Зонар же бывал в доме Антулы каждый день. Когда приходили мы, он уже сидел в любимом своем углу с той же самоуверенной усмешкой. Губа его быстро зажила, и скоро он уже, как все, мог жевать смолку и щелкать орехи. Он почти всегда молчал, только блестел глазами да редко смеялся. С Антулой, как я замечала, не говорил, даже не смотрел на нее. Все, приходя, приносили что-то вдове в дар – еду ли, куски войлока или тканей. Приносил ли что-то Зонар, я не видела ни разу, и Антула, любившая хвастать подарками перед гостями, особенно перед парнями, подбивая их приносить больше и вкуснее, чем другой, ни разу не сказала о гостинце Зонара. Мне она казалась мрачнее, чем в первый день. Лицо сильнее мазала белой глиной. Иногда особенно резкой была, словно раздражена или держала в сердце обиду, тогда выглядела совсем дурной и старой. Было видно, что Очи она невзлюбила, но боялась.

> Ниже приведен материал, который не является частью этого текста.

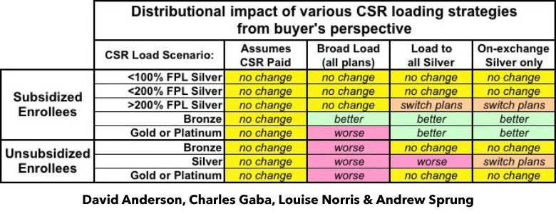 Note: This post is a joint effort with colleagues who have closely tracked the CSR chaos induced by Trump and Republicans in Congress. Dave Anderson is a former health insurance analyst, now a healthcare scholar at Duke, and a blogger at Balloon Juice; Louise Norris is co-owner with her husband Jay of a unique health insurance brokerage for individual market customers, and a top source of marketplace information and analysis at her own blog as well as at healthinsurance.org and elsewhere. Andrew Sprung writes about healthcare policy on his blog, xpostfactoid, as well as at healthinsurance.org and other publications.

А моя лесная дева совсем свыклась с жизнью в стане. Все подарки, какие получала, она сумела пристроить к одежде, чтобы больше походить на стойбищенских дев, но от этого только страннее смотрелась. На подошвы сапог нашила красные кусочки войлока каким-то странным узором и теперь всюду гордо садилась, не стесняясь показать ступни. Шуба у нее была видом совсем не такая, как у нас, сшита иначе и носилась мехом внутрь. Очи вывернула ее и к серому меху козы прикрепила кусочки меха черного жеребенка. Вроде бы так и украшают шубы обычно, но Очи сделала это по-своему, совсем непохоже. Еще ей достался теплый цветной нагрудник, какие носят пастухи, и она надевала его, не задумываясь. Даже вырезала и хотела нашить себе на шапку рыкающую голову лесной кошки, но я остановила ее: посвящение наше было еще не завершено, чтобы зверьков носить, да и шапка у Очи была детская, а не воинская, смешно бы смотрелся зверек на такой шапке.
Да и все это выглядело бы нелепо на любом – кроме Очи. Она умела так носить одежду, что все невольно не могли отвести от нее глаз. Наша праздная жизнь не тяготила ее. Днем в гостях умела она так молчать и потупить взгляд, будто все детство взрослые ее при себе держали, и была она очень воспитана. У вдовы же быстро стала своей. Истории, которые она рассказывала, были дики и странны, но от того лишь более жадно ее слушали. Но даже если просто сидела она молча, глядя в огонь, все лицо ее, притушенный взгляд, вся фигура была какая-то звенящая, как натянутая тетива, и зовущая. Я видела, как зажигались глаза у молодых воинов, когда смотрели они на нее, и как косились девы – с завистью и скрытым испугом.
Я не узнавала своей Очи. Слабый звереныш – вдруг хитрым хищником стала она. Я видела, что все, что говорила она или делала, не для того было, как обычно у дев, чтобы стать кому-то женою, но для чего – не понимала. Во всем, что делала или говорила она в те дни, была странная, скрытая, незнакомая мне до того сила. Ничего не происходило, но я чуяла, что вносит она раздор в дом Антулы, как холодный ветер кружит под крышей, и я уныло следовала за ней, не в силах противостоять этой силе.
Но день ото дня становилось все тягостней. Думала я, что Очи хочет отомстить Зонару, но она не делала ничего, они даже не говорили, лишь иногда бросали друг на друга взгляды – и все оставалось по-прежнему.
Все оставалось по-прежнему, пока отец не принес красного оленя, которого пообещал Луноликой за то, что призвала меня в свое воинство.
Он пришел в дом, когда мы с Очи только размыкали глаза. Все эти дни мы с ним не встречались: когда просыпалися, его уже не было, он ездил на пастбища да охотничьи делянки, мы весь день проводили в гостях, а вернувшись, я видела его уже строго, по-воински спящим. И я, честно признаться, только рада была: все боялась, что спросит он, чем занимается его дочь, Луноликой матери дева, и что я скажу? Хоть ничего дурного мы не делали, но праздность меня так тяготила, что сама себя ощущала я дурно.
Потому и сжалась, как он вошел. Но отец ничего не спросил, сбросил тушу оленя у порога и вышел.